To address these issues there are proposals of blending the convenience of “Big Data” approaches with the statistical rigor of “Small Data” approaches in what was called the All Data Revolution (Lazer, et. al. 2014). The World Bank Group has promoted various initiatives that precisely blend “Big Data” with “Small Data” for poverty estimation. SWIFT (Survey of Well-being via Instant and Frequent Tracking) is one such initiative. Like typical “Small Data” efforts, SWIFT collects data from samples that are representative of underlying populations of interest. Like typical “Big Data” approaches, SWIFT applies a series of formulas/algorithms, as well as the latest ITS technology, to cut the time and cost of data collection and poverty estimation.

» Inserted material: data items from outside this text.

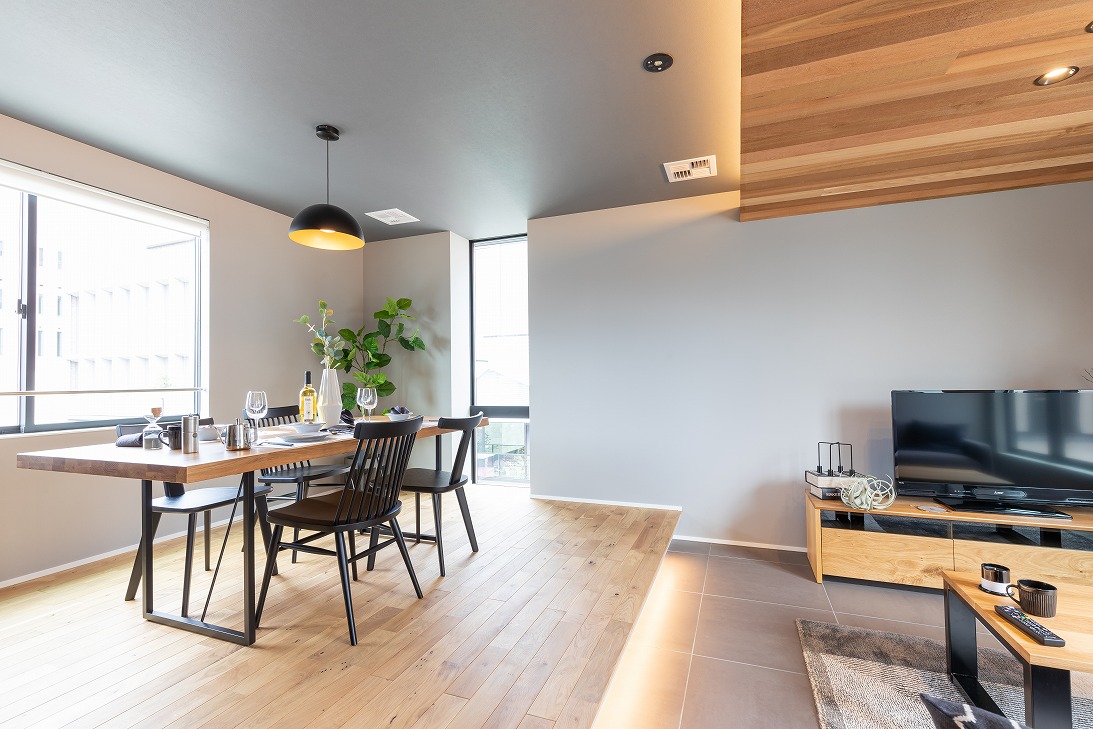 グレーの天井と木の質感が調和する、落ち着いた大人の空間。
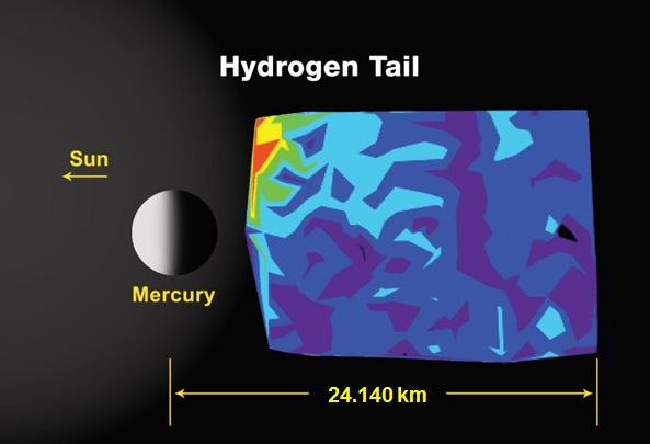 While it rotates so fast, Mercury has a tail. Mercury’s sodium and hydrogen tails MESSENGER’s ultraviolet and visible spectrometer, part of the M.A.S.C.S. instrument (Mercury Atmospheric and Surface Composition Spectrometer), mapped the tail of Mercury as the spacecraft approached for its first flyby of the planet. The plots below show the intensity of the emission of certain wavelengths of light, which is related to the abundance of neutral atoms in Mercury’s exosphere.
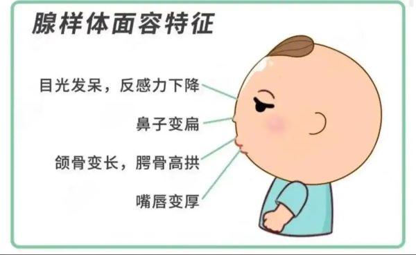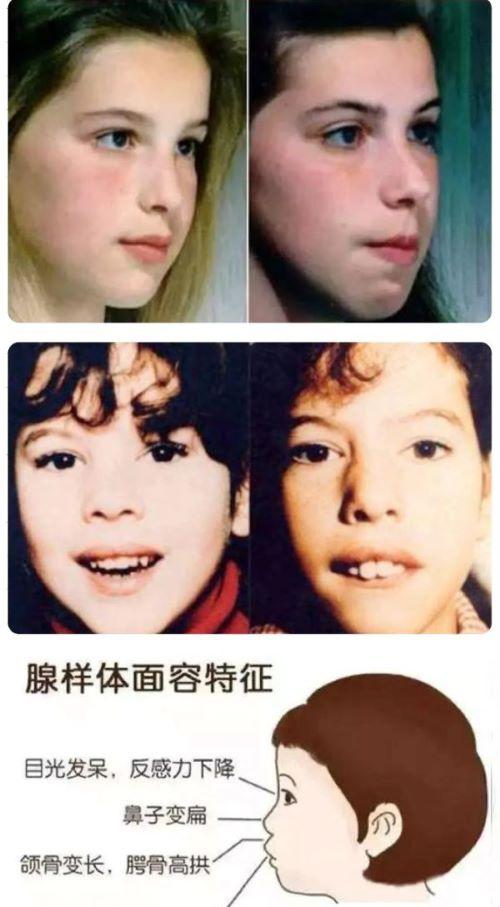當孩子長期用嘴呼吸時,面部骨骼和肌肉會逐漸發生改變,形成一種特殊的面容特征。臨床數據顯示:??約68%的腺樣體肥大患兒會出現面容改變

For example, SWIFT does not estimate poverty from consumption or income data, which is time-consuming to collect, but uses formulas to estimate poverty from poverty correlates, which can be easily collected. Furthermore, by embedding the formulas into the SWIFT data management system, the correlates will be converted to poverty statistics instantly. To further cut the time for data collection and processing, SWIFT uses Computer Assisted Personal Interview (CAPI) linked to data clouds, and if possible, adopts a cell phone data collection approach. “Big Data” science is still at its early stages and innovations in this field are rolling out at the speed of light, but such innovations might yield entirely new solutions for poverty monitoring in the near future.

For full article please see in Research Essays page.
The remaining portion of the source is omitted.